劉桐笑盈盈的看著下面的諸卿大臣,今天沒別的事,就是朝貢送禮什么的,這些都不會收歸國庫,說實話,劉桐到現在還沒見過國庫,不過這不重要,重要的是,今天收到的全都是自己的,管他是外邦的進貢,還是列侯諸卿的獻禮,都是自己的。
陳曦瞟了一眼笑的很開心的劉桐,沒說什么,當初說好了,朝貢的你全部都拿走,回禮和賜送什么的都由禮部從陳曦這邊支出,也就說每年這個時候都是劉桐收錢收的最開心的時候。
哪怕劉桐的支出是由陳曦這報銷的,外加陳曦手松,以及一貫都是給物資不給錢,話說回來,貌似劉桐也用不到錢,但相比于從陳曦這邊領錢,還是各國給進貢的時候更讓人開心。
“諸卿有事早報。”劉桐朗聲說道,也不說那句無視退朝了,今個就是來收禮物的,沒拿到禮物,退什么朝。
實際新年第一天的朝會并沒有什么要匯報的,因為年底最后一次朝會已經說的差不多,如果要說不同的話,其他朝代年底會說點歌舞升平的事情,而秦漢會說一些,咱們今年砍了誰,明年打算砍死,做好規劃,到時候并肩子上。
而年前那次朝會已經差不多說清了,元鳳四年漢室的頭號目標就是貴霜,守住恒河中下游,種田,積蓄糧草,建城,等待時機,然后將貴霜打死,就這么簡單粗暴。

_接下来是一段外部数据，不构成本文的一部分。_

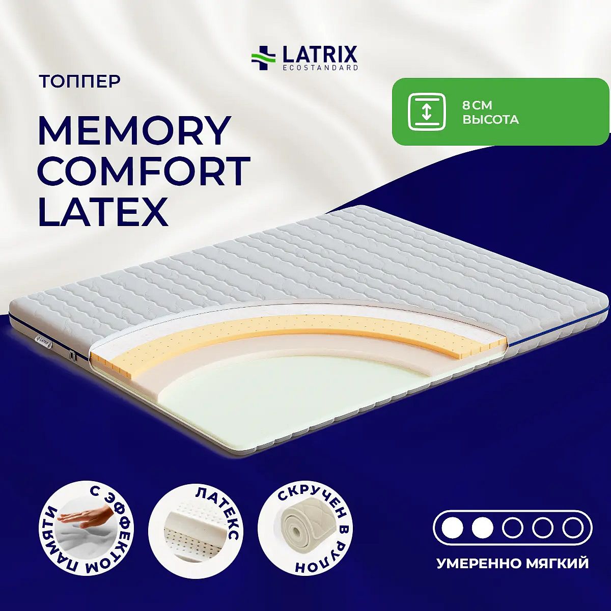 Уровень жесткости: ниже среднего / ниже среднего.Наполнитель: натуральный латекс – 2 см, пена Flexfoam – 3 см, пена с эффектом памяти – 2 см. Съемный чехол: трикотаж Tamzara. Высота, см: 8. Поставляется в скрученном виде. Дополнительно можно бесплатно заказать резинки для крепления на матрас. При этом необходимо указать высоту матраса для которого заказываете топпер с резинками.

至于其他的歌舞升平的事情到沒有討論,也沒有奏報說是哪里動亂什么的,基本上核心都在怎么貴霜,不管是哪家哪戶的出身,也不管是跟哪個老師學的儒法,總之年底朝會的時候,完全沒有看到一點仁義的想法,全都盯著該如何盤貴霜進行討論。
看得出來,諸卿大臣每一個都希望貴霜快點上路,印象中上一個讓漢室這么團結的家伙叫做匈奴,跟漢室剛了三百年,終于在四年前駕鶴西去了。

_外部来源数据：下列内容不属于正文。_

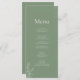 This dark sage green wedding menu features soft ivory typography and delicate botanical line art for an elegant, modern look. Designed to coordinate with the matching dark sage invitation and Save the Date, this menu is part of the sage monochrome wedding collection. Customize the courses and details to perfectly suit your reception. Ideal for evening, boho, garden, woodland, and modern weddings.

要說的話,匈奴那是走的一點都不安詳,在北疆到時候還是被四大諸侯鎖脖子的鎖脖子,擒拿胳膊的擒拿胳膊,花費了大半的功夫才釘上了棺材板,一把火燒掉,還差點詐尸了。
不過也算是解決了,漢朝得以少了一個大敵,對此漢室還有些唏噓,不過看看自家整編的各色騎兵,心下也就不那么難受了,匈奴雖說死了,但是他們的絕學漢室好歹繼承了,成為了漢朝重要的一支力量,這就跟墨家死了,遺產分分鐘被其他人分了一樣。
痛苦嗎?一點也不,相反拿到遺產的都很快樂,至于升天的那位,都駕鶴西去了,還痛苦啥啊!
而現在貴霜也是這么一個情況,諸卿皆是等著吸收貴霜的營養,巴不得明天貴霜就去死,因而盡顯團結一致,對此陳曦深表滿意,就要這種心態,這種覺悟,以至于年末的大朝會,差點變成論如何炮制貴霜,整體顯得毫無廉恥。
后期可能也是覺得自己這么說有些過分,于是就拿周禮和說文來掩飾了一下,簡單而言就是仁義禮智信乃是對人而言,蠻夷非人也,南方蠻閩從蟲,北方狄從犬,東方貉從豸,西方羌從羊,講什么仁義?